Athletic fields are first part of Allen Brook School plan

April 28, 2011

By Adam White
Observer staff

Ground will be broken soon for construction of two multi-purpose athletic fields behind the Allen Brook School in Williston. The plan also calls for the future construction of three other playing fields, including a lighted baseball diamond. (Observer photo by Adam White)

Ground will be broken soon on the first building phase of a new park behind Allen Brook School on Talcott Rd. in Williston, after the town accepted a bid and signed a contract with a Richmond construction company last week.
The first part of the park’s plan calls for two multi-use athletic fields, the construction of which will be funded entirely through impact fees under the town’s capital plan, according to Recreation Dept. Director Kevin Finnegan. Finnegan said that future phases would be initiated as town growth generates the revenue to cover its costs.
“Impact fees on new developments are paying for this project,” Finnegan said. “For every new house that is built, there is a dollar figure that goes toward all different services in town, (including) Parks and Rec. As the economy picks up, we should have more money in the kitty to put toward this project.”

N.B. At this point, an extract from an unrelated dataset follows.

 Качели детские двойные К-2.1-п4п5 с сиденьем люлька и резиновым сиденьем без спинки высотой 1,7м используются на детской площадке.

According to Public Works Director Bruce Hoar, the winning bid for the first phase came from J. Hutchins Inc., of Richmond. Hoar said the contract stipulates that the project can be started no earlier than May 15. Lindsay Vincelette of J. Hutchins Inc. said that the work is expected to get under way around June 1.
“We plan to coordinate our efforts around school traffic,” Vincelette said. “We’ll start with the necessary erosion control, then move on to the mass excavation for the playing fields.”

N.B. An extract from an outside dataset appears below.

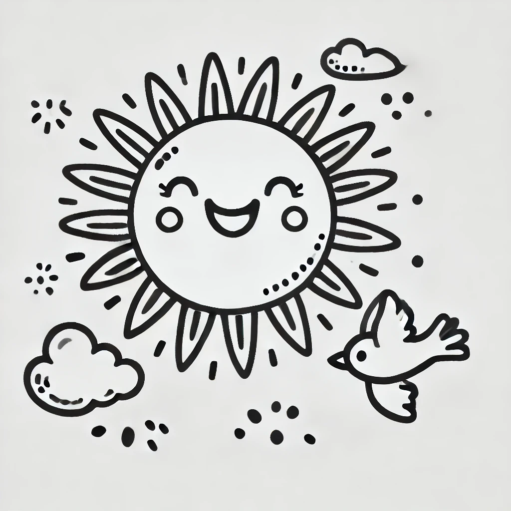 In diesem fröhlichen Sonne Ausmalbild strahlt eine lächelnde Sonne, deren leuchtende Strahlen Freude verbreiten. Umgeben von fluffigen Wolken und einem niedlichen Vogel, der vorbeifliegt, schafft dieses Bild eine friedliche und glückliche Atmosphäre.

The project’s blueprint shows twin fields labeled “soccer/lacrosse,” measuring 330 feet long and 195 feet across. The plan also shows an “extra, all-purpose field” with the same measurements proposed to the north of the first two fields, as well as a softball field, Little League baseball diamond and lighted Babe Ruth baseball diamond, playground, picnic shelter, bathroom/storage/concessions building and “tot lot.”

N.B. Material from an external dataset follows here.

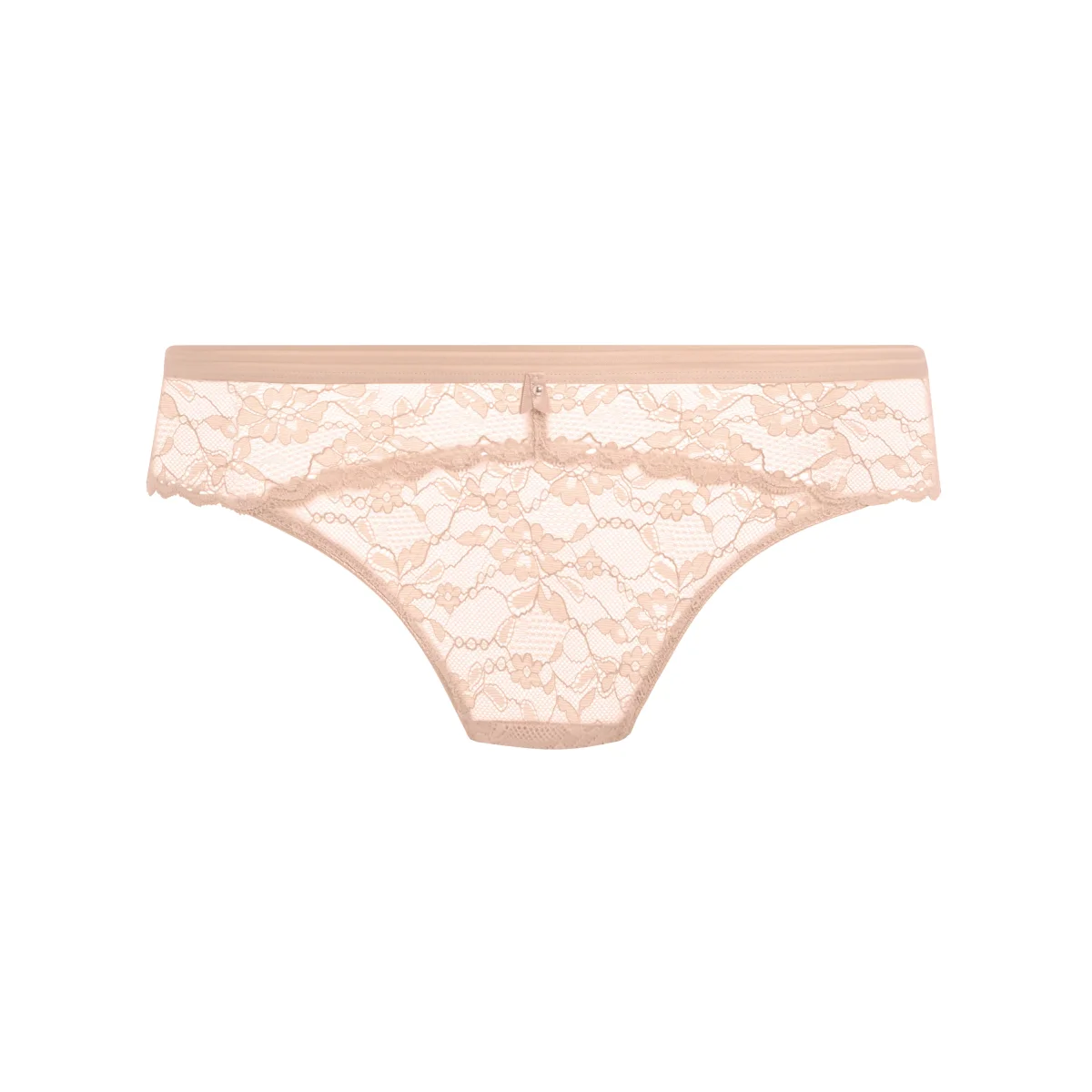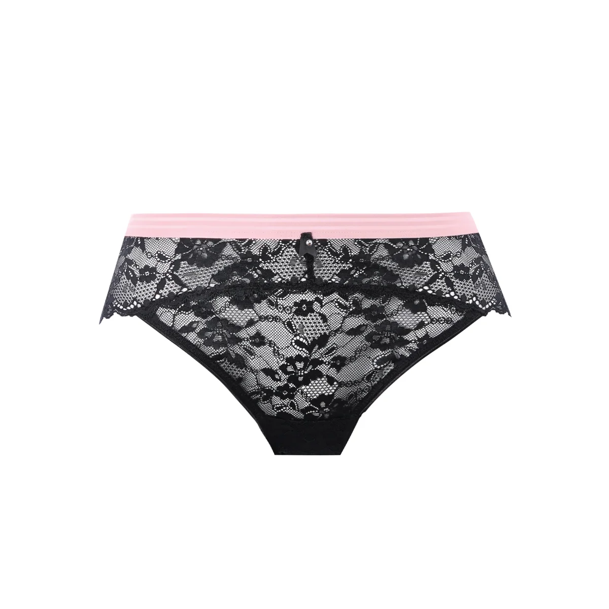 Sa dentelle stretch douce et résistante épouse les courbes sans marquer, offrant confort et légèreté tout au long de la journée. La ceinture élastique contrastée à rayures semi-ajourées apporte une touche graphique contemporaine tout en assurant un maintien parfait sans comprimer.

The existing recreational path near the school will also be reworked, and a “possible future bike path” is included in the plan as well.
Finnegan said that while the entire project is “shovel-ready” in terms of permit and design approval, the timeline for construction of everything beyond the first two fields will depend entirely on funding. He said the Recreation Dept. lobbied unsuccessfully during the town’s budgeting process for the Selectboard to put aside $25,000 per year for the project, as it has for improvements to Rossignol Park at the corner of North Brownell Rd. and Industrial Ave.
“We support the plan and want to see it happen, because the town needs more park space and playing fields,” Selectboard chair Terry Macaig said. “But we didn’t want to raise the tax rate this year, if we could help it.”
Hoar said Rossignol Park would continue to be improved with funding from the capital plan for ongoing improvements.
“Last year we re-did the tennis courts, and we’re looking at rebuilding the basketball courts next,” Hoar said.